Records shown:

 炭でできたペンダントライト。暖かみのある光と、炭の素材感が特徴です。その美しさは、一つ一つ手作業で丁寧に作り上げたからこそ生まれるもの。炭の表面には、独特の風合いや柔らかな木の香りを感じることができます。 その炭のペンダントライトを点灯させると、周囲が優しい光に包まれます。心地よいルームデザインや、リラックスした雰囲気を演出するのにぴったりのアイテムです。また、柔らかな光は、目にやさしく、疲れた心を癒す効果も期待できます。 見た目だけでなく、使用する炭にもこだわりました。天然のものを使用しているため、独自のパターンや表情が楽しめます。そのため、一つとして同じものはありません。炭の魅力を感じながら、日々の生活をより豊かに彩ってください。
...
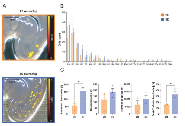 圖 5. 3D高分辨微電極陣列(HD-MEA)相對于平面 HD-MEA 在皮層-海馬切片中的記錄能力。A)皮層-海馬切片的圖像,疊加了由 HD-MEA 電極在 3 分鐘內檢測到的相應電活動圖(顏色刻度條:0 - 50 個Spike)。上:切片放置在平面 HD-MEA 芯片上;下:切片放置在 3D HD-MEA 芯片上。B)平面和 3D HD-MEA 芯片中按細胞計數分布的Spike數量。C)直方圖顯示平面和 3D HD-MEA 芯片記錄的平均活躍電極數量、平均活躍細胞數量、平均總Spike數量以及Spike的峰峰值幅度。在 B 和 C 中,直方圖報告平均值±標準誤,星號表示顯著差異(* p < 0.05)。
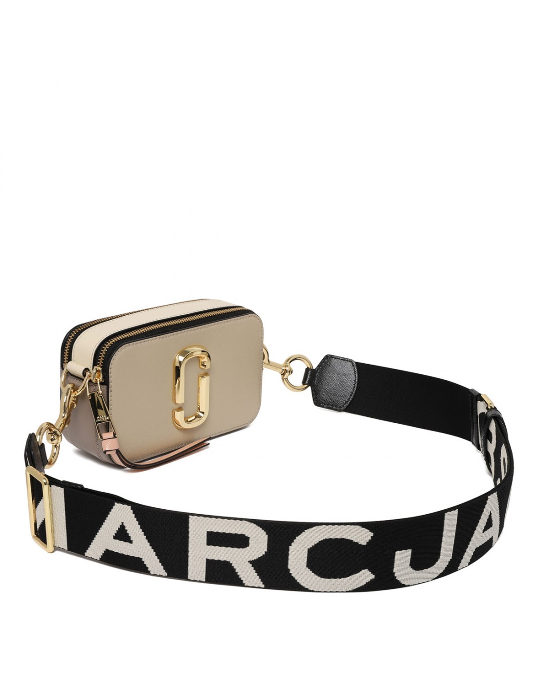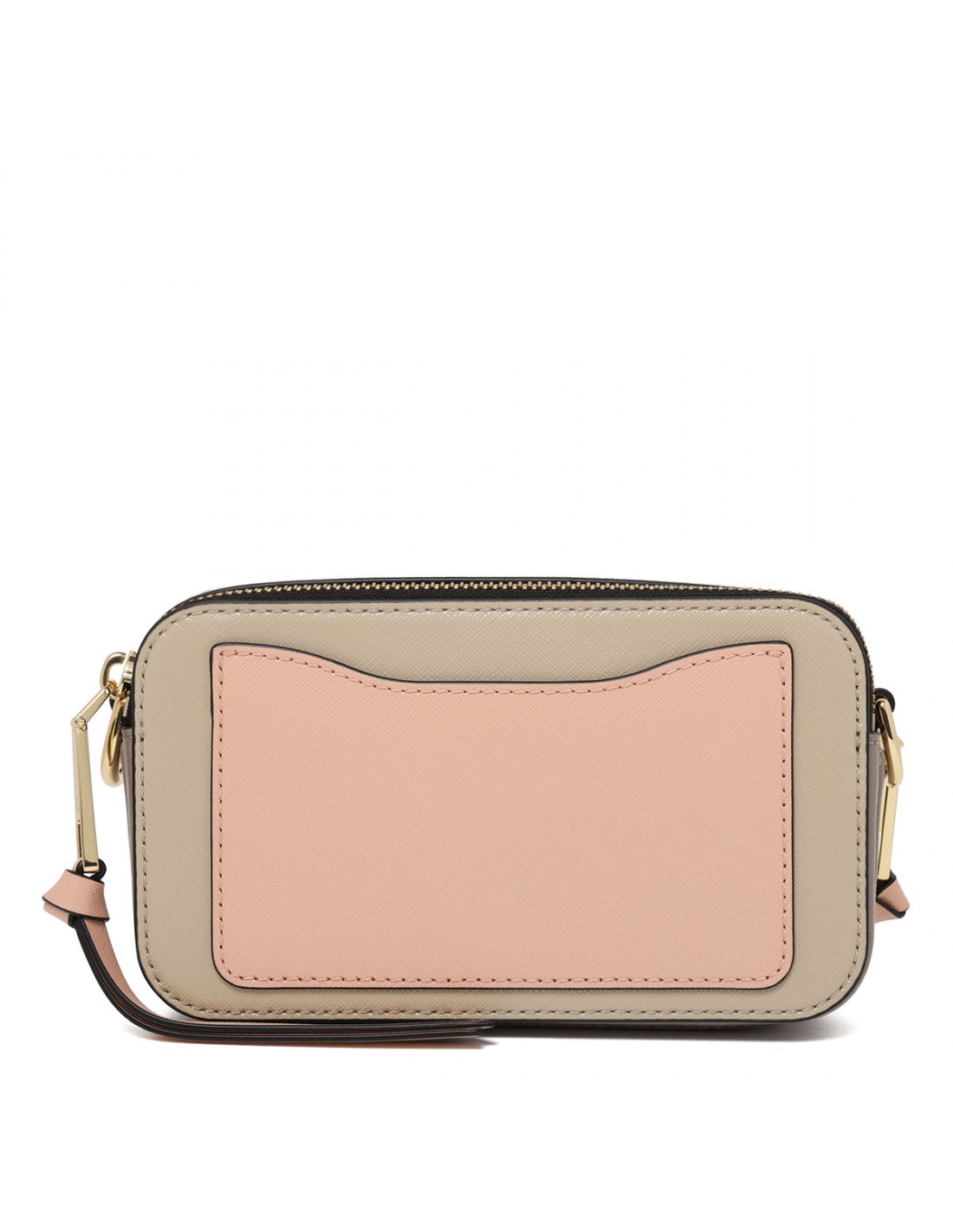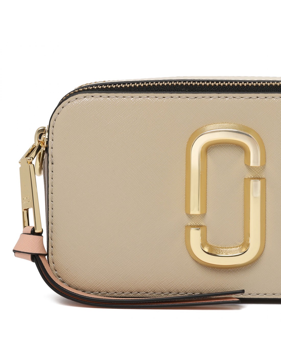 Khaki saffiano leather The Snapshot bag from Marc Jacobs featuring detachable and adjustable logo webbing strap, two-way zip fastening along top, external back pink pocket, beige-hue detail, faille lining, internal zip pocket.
* * *
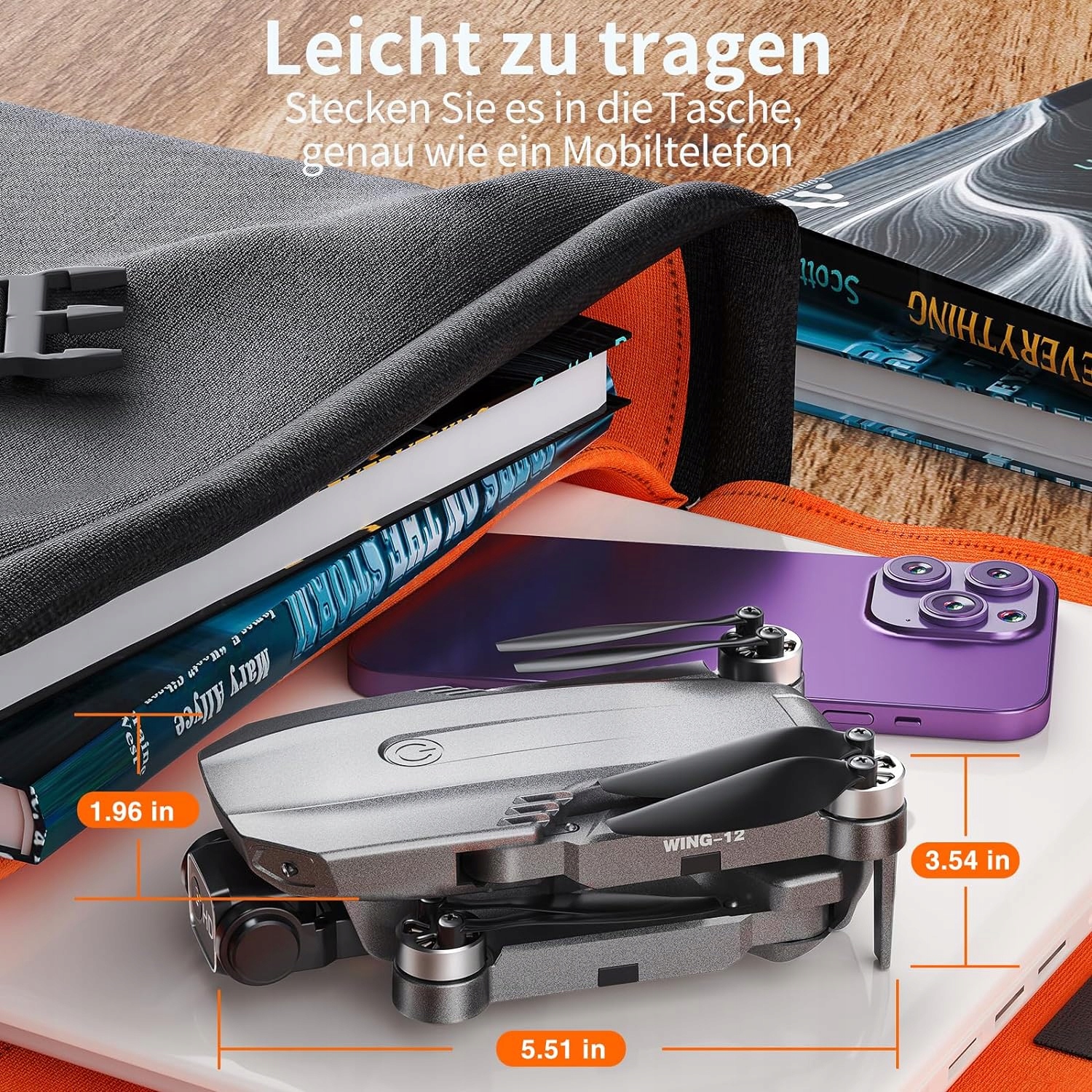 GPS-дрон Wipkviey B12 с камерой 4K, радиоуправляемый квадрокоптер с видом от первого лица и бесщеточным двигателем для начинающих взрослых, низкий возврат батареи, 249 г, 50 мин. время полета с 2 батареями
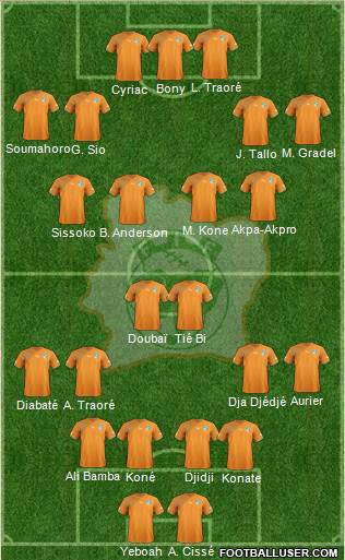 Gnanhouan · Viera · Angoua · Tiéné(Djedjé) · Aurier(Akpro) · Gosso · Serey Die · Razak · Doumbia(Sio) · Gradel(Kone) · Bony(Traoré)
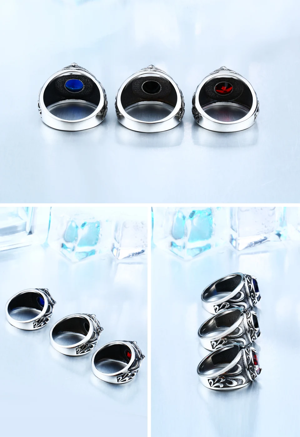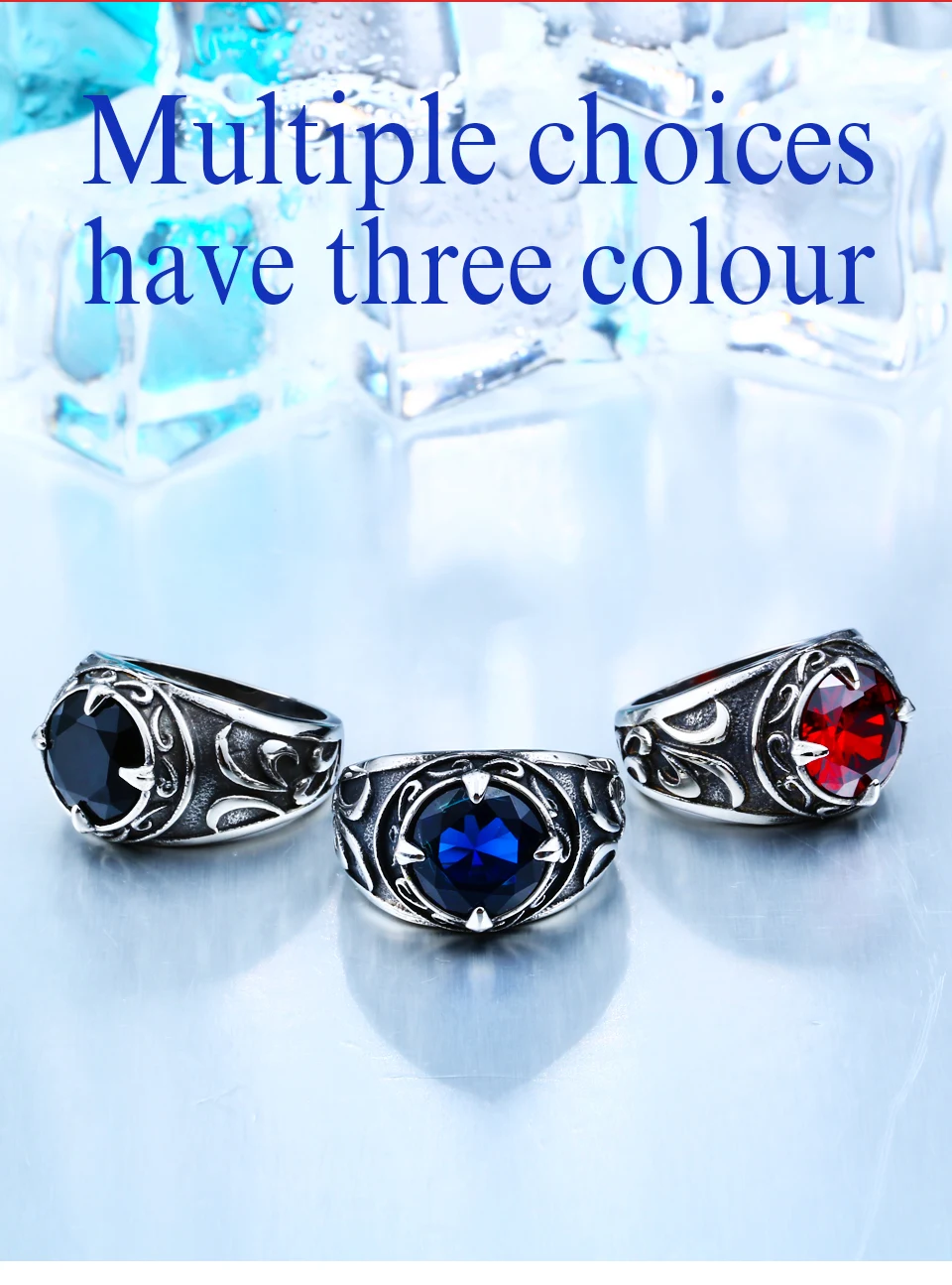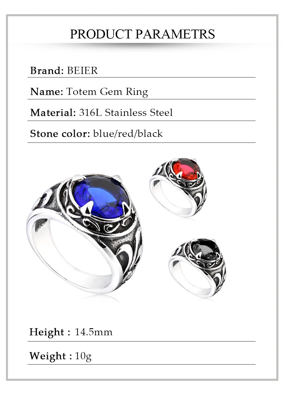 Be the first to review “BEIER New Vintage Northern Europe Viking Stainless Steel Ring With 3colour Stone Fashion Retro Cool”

Exercise brief: Transcribe, word for word, the stretch of lines in the data above from the one with "Gnanhouan · Viera" through the one with "Be the first"; omit all pictures.

Solution:
 Gnanhouan · Viera · Angoua · Tiéné(Djedjé) · Aurier(Akpro) · Gosso · Serey Die · Razak · Doumbia(Sio) · Gradel(Kone) · Bony(Traoré)
 Be the first to review “BEIER New Vintage Northern Europe Viking Stainless Steel Ring With 3colour Stone Fashion Retro Cool”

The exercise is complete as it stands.